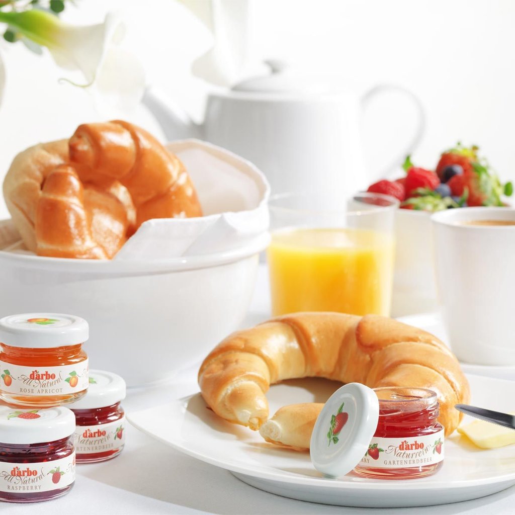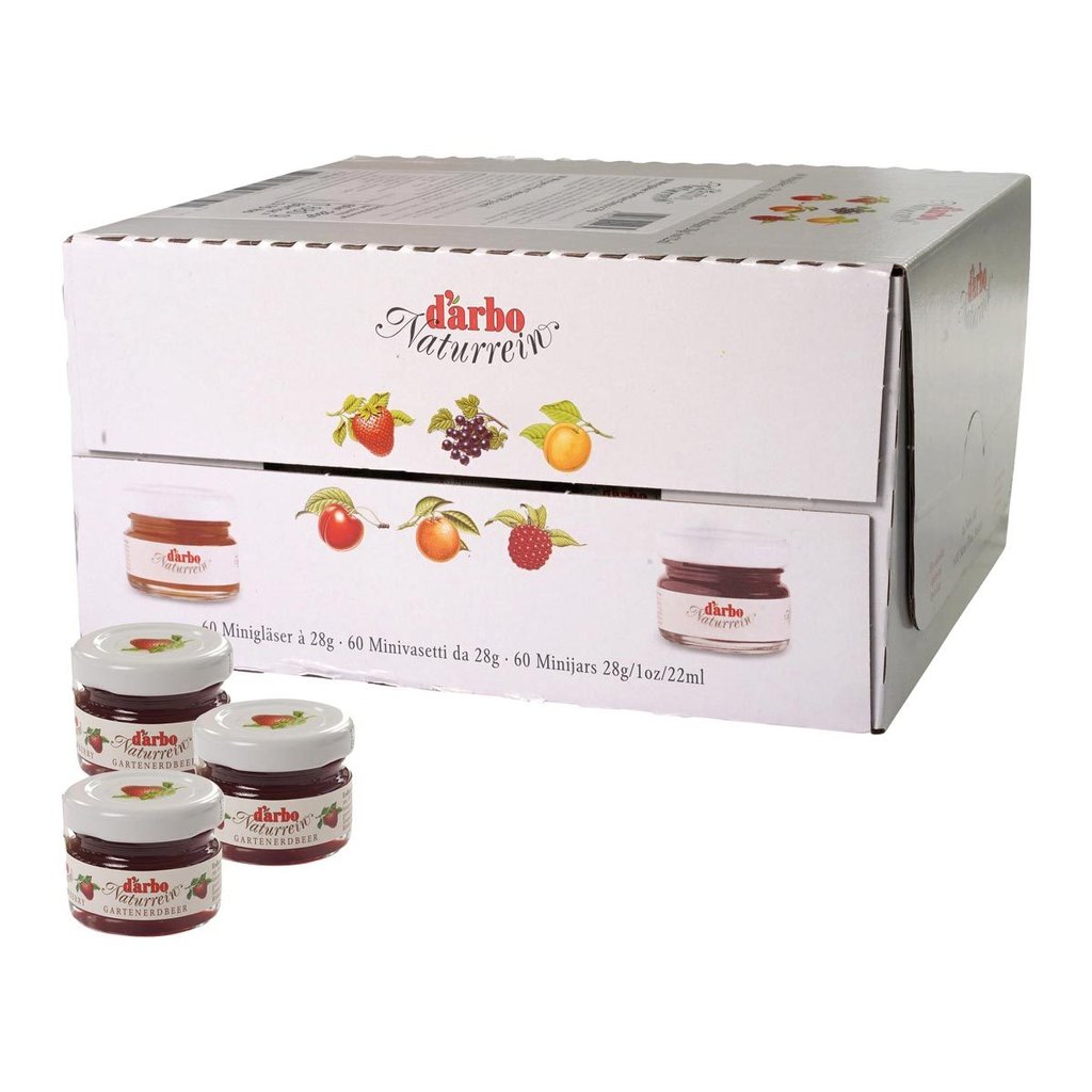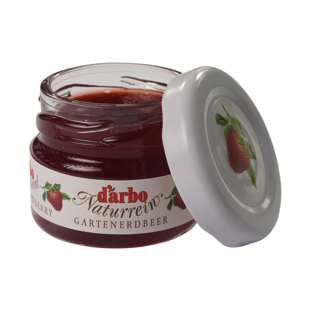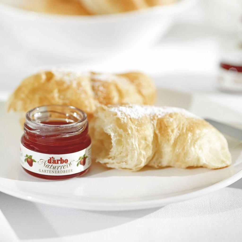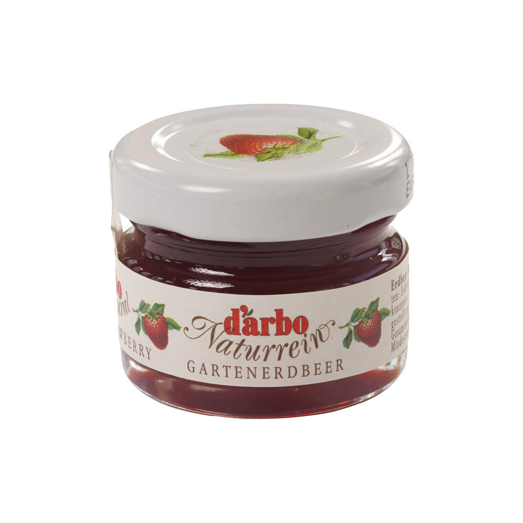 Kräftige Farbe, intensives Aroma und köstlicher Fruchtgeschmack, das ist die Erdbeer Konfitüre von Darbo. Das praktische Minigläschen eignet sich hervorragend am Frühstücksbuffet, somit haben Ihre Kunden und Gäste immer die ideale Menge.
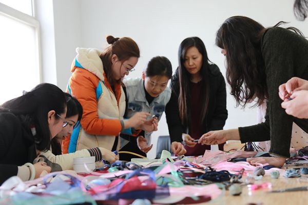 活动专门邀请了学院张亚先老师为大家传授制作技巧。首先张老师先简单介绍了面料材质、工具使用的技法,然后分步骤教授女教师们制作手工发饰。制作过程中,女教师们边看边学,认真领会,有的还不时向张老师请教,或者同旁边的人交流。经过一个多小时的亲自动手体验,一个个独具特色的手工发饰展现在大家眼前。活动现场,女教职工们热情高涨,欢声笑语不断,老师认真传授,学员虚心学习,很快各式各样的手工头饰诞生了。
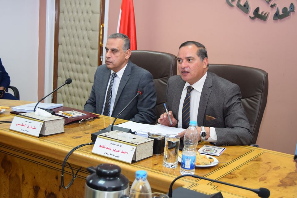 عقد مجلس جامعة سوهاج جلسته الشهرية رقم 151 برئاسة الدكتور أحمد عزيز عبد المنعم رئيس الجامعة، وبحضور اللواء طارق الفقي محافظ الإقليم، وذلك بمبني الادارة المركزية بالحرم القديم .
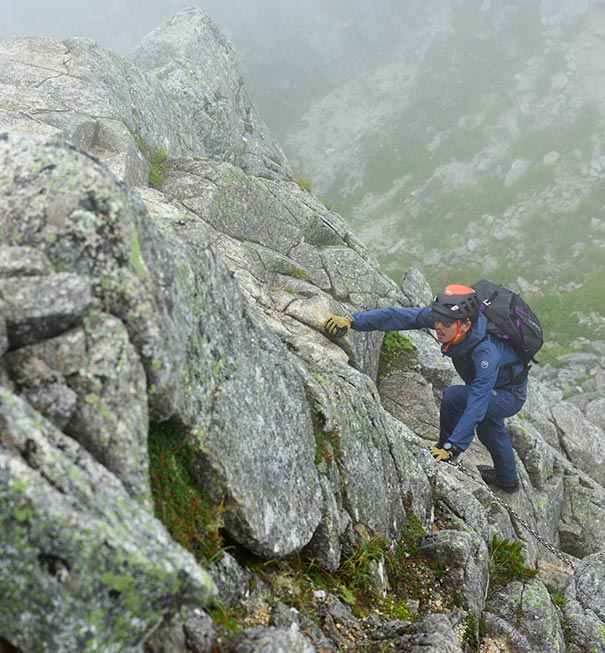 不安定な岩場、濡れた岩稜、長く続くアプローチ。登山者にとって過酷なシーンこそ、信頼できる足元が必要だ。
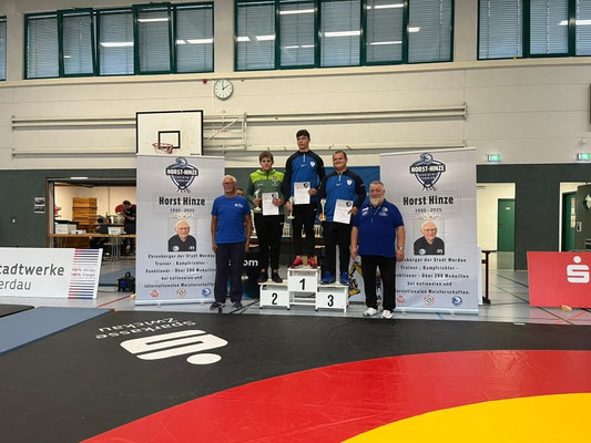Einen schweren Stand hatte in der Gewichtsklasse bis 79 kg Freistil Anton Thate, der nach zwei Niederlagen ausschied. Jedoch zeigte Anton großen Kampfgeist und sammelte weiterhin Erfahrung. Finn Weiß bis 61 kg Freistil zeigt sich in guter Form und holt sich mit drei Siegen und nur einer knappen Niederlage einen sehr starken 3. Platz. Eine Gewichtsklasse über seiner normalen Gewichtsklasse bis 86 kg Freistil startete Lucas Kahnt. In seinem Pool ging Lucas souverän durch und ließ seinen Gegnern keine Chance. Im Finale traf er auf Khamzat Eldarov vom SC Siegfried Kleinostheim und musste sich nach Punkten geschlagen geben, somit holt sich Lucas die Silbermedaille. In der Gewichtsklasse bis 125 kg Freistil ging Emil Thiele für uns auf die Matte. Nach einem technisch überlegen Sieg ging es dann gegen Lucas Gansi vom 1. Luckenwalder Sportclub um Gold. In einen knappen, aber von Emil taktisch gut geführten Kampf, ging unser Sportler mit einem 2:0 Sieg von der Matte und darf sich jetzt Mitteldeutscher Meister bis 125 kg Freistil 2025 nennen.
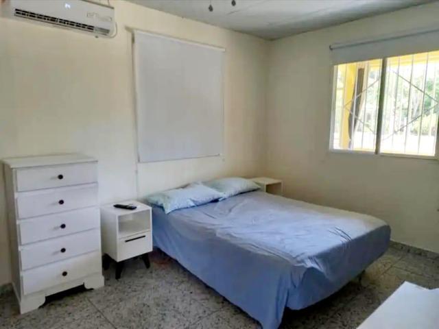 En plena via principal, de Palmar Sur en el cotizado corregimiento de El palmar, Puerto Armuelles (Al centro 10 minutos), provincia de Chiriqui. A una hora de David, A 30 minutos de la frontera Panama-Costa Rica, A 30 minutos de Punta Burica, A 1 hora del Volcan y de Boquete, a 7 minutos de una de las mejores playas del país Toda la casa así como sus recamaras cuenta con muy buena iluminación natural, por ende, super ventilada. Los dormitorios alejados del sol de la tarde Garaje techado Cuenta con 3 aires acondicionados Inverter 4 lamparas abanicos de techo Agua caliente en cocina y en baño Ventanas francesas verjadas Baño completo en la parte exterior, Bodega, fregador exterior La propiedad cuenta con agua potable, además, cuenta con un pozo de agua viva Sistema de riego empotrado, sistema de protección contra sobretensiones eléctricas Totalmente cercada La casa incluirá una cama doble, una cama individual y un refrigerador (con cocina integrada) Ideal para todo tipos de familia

§ PROBLEM TO WORK ON:
Reproduce the data above word for word from its first line through the line that holds "Einen schweren Stand", both ends included; skip pictures.

§ ANSWER SPACE:
 Kräftige Farbe, intensives Aroma und köstlicher Fruchtgeschmack, das ist die Erdbeer Konfitüre von Darbo. Das praktische Minigläschen eignet sich hervorragend am Frühstücksbuffet, somit haben Ihre Kunden und Gäste immer die ideale Menge.
 活动专门邀请了学院张亚先老师为大家传授制作技巧。首先张老师先简单介绍了面料材质、工具使用的技法,然后分步骤教授女教师们制作手工发饰。制作过程中,女教师们边看边学,认真领会,有的还不时向张老师请教,或者同旁边的人交流。经过一个多小时的亲自动手体验,一个个独具特色的手工发饰展现在大家眼前。活动现场,女教职工们热情高涨,欢声笑语不断,老师认真传授,学员虚心学习,很快各式各样的手工头饰诞生了。
 عقد مجلس جامعة سوهاج جلسته الشهرية رقم 151 برئاسة الدكتور أحمد عزيز عبد المنعم رئيس الجامعة، وبحضور اللواء طارق الفقي محافظ الإقليم، وذلك بمبني الادارة المركزية بالحرم القديم .
 不安定な岩場、濡れた岩稜、長く続くアプローチ。登山者にとって過酷なシーンこそ、信頼できる足元が必要だ。
Einen schweren Stand hatte in der Gewichtsklasse bis 79 kg Freistil Anton Thate, der nach zwei Niederlagen ausschied. Jedoch zeigte Anton großen Kampfgeist und sammelte weiterhin Erfahrung. Finn Weiß bis 61 kg Freistil zeigt sich in guter Form und holt sich mit drei Siegen und nur einer knappen Niederlage einen sehr starken 3. Platz. Eine Gewichtsklasse über seiner normalen Gewichtsklasse bis 86 kg Freistil startete Lucas Kahnt. In seinem Pool ging Lucas souverän durch und ließ seinen Gegnern keine Chance. Im Finale traf er auf Khamzat Eldarov vom SC Siegfried Kleinostheim und musste sich nach Punkten geschlagen geben, somit holt sich Lucas die Silbermedaille. In der Gewichtsklasse bis 125 kg Freistil ging Emil Thiele für uns auf die Matte. Nach einem technisch überlegen Sieg ging es dann gegen Lucas Gansi vom 1. Luckenwalder Sportclub um Gold. In einen knappen, aber von Emil taktisch gut geführten Kampf, ging unser Sportler mit einem 2:0 Sieg von der Matte und darf sich jetzt Mitteldeutscher Meister bis 125 kg Freistil 2025 nennen.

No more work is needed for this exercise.